To avoid such ambiguities, the dataset specifications contain consistency rules to exclude invalid data. For example, in the SMA and DMD datasets, the item Genetic confirmation has the following rule: "Must be Yes in case an instance of the record Genetic report is provided.". In most cases, more than one item or record may be related to a rule (in this case, the item Genetic confirmation and the record Genetic report), but the rule is only specified in one of them. Registries should ensure that consistency rules are met at all times through form structure, conditional display rules and input validation (see below). When submitting data to TREAT-NMD, any data that violates any consistency rule may be rejected.

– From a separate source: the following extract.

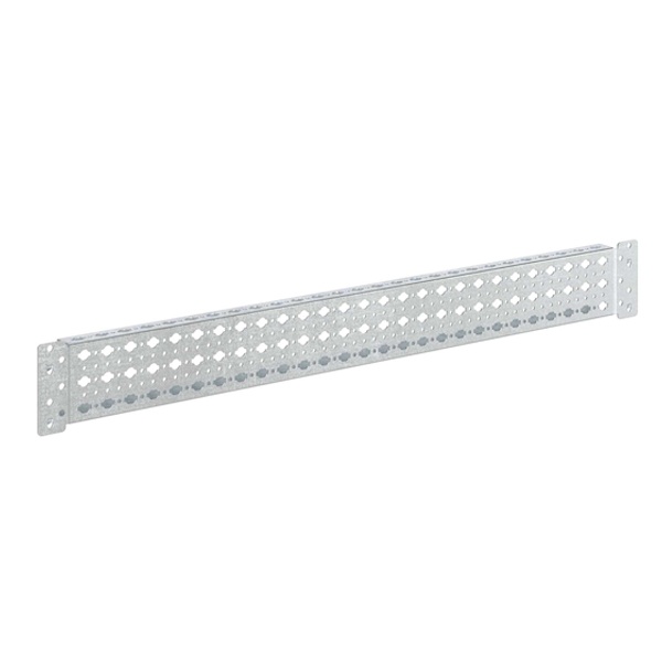 Изготовлена из оцинкованной стали толщиной 1,5 мм, имеет перфорацию с шагом 25 мм. Конструкция предусматривает три монтажные плоскости и может устанавливаться как по глубине, так и по ширине шкафа.

Note that consistency rules are different from the following other rules that are used in registries:

  • Conditional display rules specify on what conditions certain input fields or parts of a data collection form should be displayed. The dataset specifications do not contain any such rules because they don't mandate any specific form structures. However, in most cases registries can use conditional display rules to enforce consistency rules. In the example above, the consistency rule would be met if the data provider is first asked whether or not there is genetic confirmation. Only if the reply is "Yes", the further input fields for the genetic report are displayed.
  • Input validation rules specify under which conditions an input from a user is rejected. They are related to a specific data collection form within a specific data collection process. Therefore, the dataset specifications again contain no such rules, but input validation rules can be used to enforce consistency rules.
  • Completeness rules can be used to determine whether a certain registry entry is complete. For example, when the genetic report details are mandatory (e.g. for a clinician-reported registry), they need to be collected if the diagnosis is genetically confirmed. An according completeness rule would be "If Genetic confirmation is Yes, then an instance of the record Genetic report must be provided." Note that this is the converse of the consistency rule. While consistency rules mandate the exclusion of data, completeness rules require the inclusion of data. The dataset specifications do not contain any such rules as absolute requirements, but rather use the mandatory/non-mandatory status of items and records to indicate which information must be collected by which registries on a best-effort basis. It is always possible that certain information is not available for any reason, but this will generally not lead to other data on the same individual to be rejected.

There exist previous versions of the SMA and DMD datasets which used item numbers (e.g. 15.10) instead of the descriptive item IDs used here. To aid the transition to the new datasets, all items and records contain references to the numbers of the items in the previous datasets. In many cases, there is a direct correspondence between the old and new items; i.e., they describe the same information. But in some cases, the structure has been changed, so one new item may be related to multiple previous items or vice versa.

The Excel spreadsheet which can be found in the downloads page of each dataset also contains a worksheet "Mapping of previous version". It lists all previous item numbers which have related items in the current dataset together with their corresponding new item and record IDs.

Technical details on IDs

The ID of each item and record serves as a unique and stable identifier. It may only consist of ASCII letters, numbers, spaces and hyphens (to be precise, hyphen-minus signs). When implementing this dataset, registries should use the names of this dataset as identifiers in their datasets wherever possible. However, registries may also choose to use a variant of the names in which all letters are converted to lower case and spaces as well as hyphens are replaced with an underscore. For example, for the item Anti-AAV9 antibody test date, a registry may choose anti_aav9_antibody_test_date as a database column name or other identifier. Regarding potential future transfer of patient-level data, registries may expect that item names transformed in this way will be accepted just as the standard names used in this specification, as long as the transformation is consistent across all items for a given registry.